Томь же [6726 = 1218 г. — В. Т.] лете Глебъ, князь Рязанский, Володимиричь, наученъ сый сотоною на убийство, сдумавъ въ своемь оканьнемъ помысле, имея поспешника Костянтина, брата своего, и с нимь диявола, юже и прельсти, помыслъ има въложи, рекшема има, яко избьеве сихъ, а сама приимева власть всю. И не веси, оканьне, Божия смотрения: даеть власть ему же хощеть, поставляеть цесаря и князя вышнии (с напоминанием о Каине, убившем Авеля, и Святополке, убившем двоих своих братьев). На задуманный совет съехались Изяслав, кир Михаил, Ростислав, Святослав, Глеб и Роман (Ингварь же не смог приехать — не бе бо приспело время его).
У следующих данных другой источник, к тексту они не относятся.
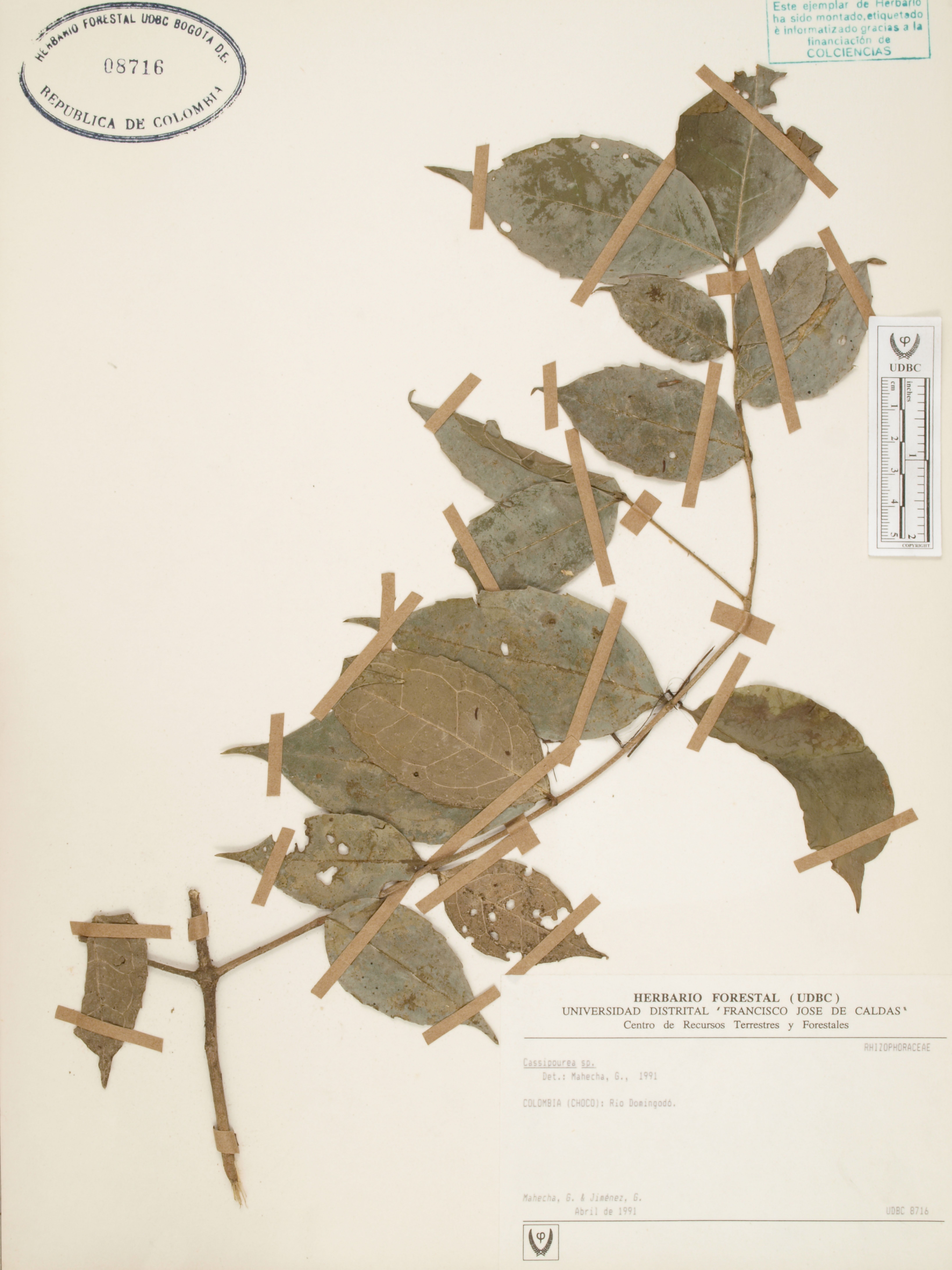 Fotografía del ejemplar Mahecha, G., determinado como Cassipourea sp.

Глеб Владимирович с братом позвали съехавшихся в свой шатер, яко на честь пирения. Шестеро князей, не ведая обмана, пришли со своими боярами и дворянами. Глеб предварительно вооружил своих и братних людей и спрятал их под пологом около шатра. Когда началось питие и веселие, Глеб и Константин извлекли свои мечи и вместе с находившимися под пологом своими людьми начали сечь сначала князей, а потом бояр и дворян — одинехъ князь 6, а прочихъ боярь и дворянъ множьство. Си же благочьстивии князи рязаньстии концяшася месяця июля въ 20, на святого пророка Илии, и прияша веньця от Господа Бога, и съ своею дружиною, ако агньци непорочьни предаша душа своя Богови. Сь же оканьныи Глебъ и Костянтинъ, брат его, онемъ уготова царство небесное, а собе муку вечьную и съ думьци своими.
184
Покаяние в Древней Руси было некиим внутренним и внешним, в достаточной степени институализированным актом. Древнерусская литература богата текстами этого жанра и материалами, относящимися к истории покаянной дисциплины (см. Смирнов 1912 и др.)· Покаяние претендовало на универсальность этого акта и непременноесть обращения к нему в ряде отмеченных и неотмеченных ситуаций и на включенность в этот акт всего христианского люда. Но практически есть люди и люди: одни грешили и каялись, другие грешили и не хотели каяться или, даже покаявшись, снова и снова впадали в грех, третьи каялись, вменяя себе даже небольшой проступок в большой грех. И те, и другие, и третьи и т. д. нередко оказывались связаны некоей общей ситуацией. Наряду с «универсальной», всеобъемлющей виной за грехи, как в случае событий такого масштаба, как татаро–монгольское иго, когда требовалось всеобщее покаяние и весь народ выступал как один кающийся грешник (во всяком случае в принципе), существовала и более обычная проблема греха, вины и покаяния, касающаяся одного человека. Нередка была и ситуация (например, на исповеди), когда исповедник и исповедующийся вступали в своего рода диалог на эту тему. Любопытнейшим памятником древнерусской литературы конца XIII века являются «Послания Якова–черноризца к князю Дмитрию Борисовичу» (сначала угличскому, а затем и ростовскому). Это послание черноризца Якова, который, видимо, был духовником князя, человека, который ради достижения поставленной цели не пренебрегал ни неправдой, ни насилием, закоренелого грешника, использующего ситуацию разрухи и раздробленности Руси в условиях татарского ига, и любодея в частной жизни, позволяет реконструировать ту ситуацию, когда духовный наставник деликатно дает благие советы, как удержаться от греховной жизни, тогда как за этим, по сути дела, стоит призыв к покаянию. Князь Дмитрий Борисович, собственно, и кается (отвечая князю, Яков–черноризец подтверждает: Написалъ еси покаянье свое, велми смирено и жалостно слышати, понеже много с подъпаденьемъ. Да весть умъ твой, иже тя разумомъ кормить, рече Господь о покаяньи единого человека: «Вси ангели радуются на небесехъ», и самъ хощеть обращенья, а не смерти, и на землю сниде не праведныхъ деля, но грешныхъ), но, похоже, это из тех покаяний, которые как бы дают право грешить снова. Яков, видимо, не очень доволен самим тоном покаяния князя и не слишком верит в то, что за покаянием стоит твердое внутреннее решение кающегося.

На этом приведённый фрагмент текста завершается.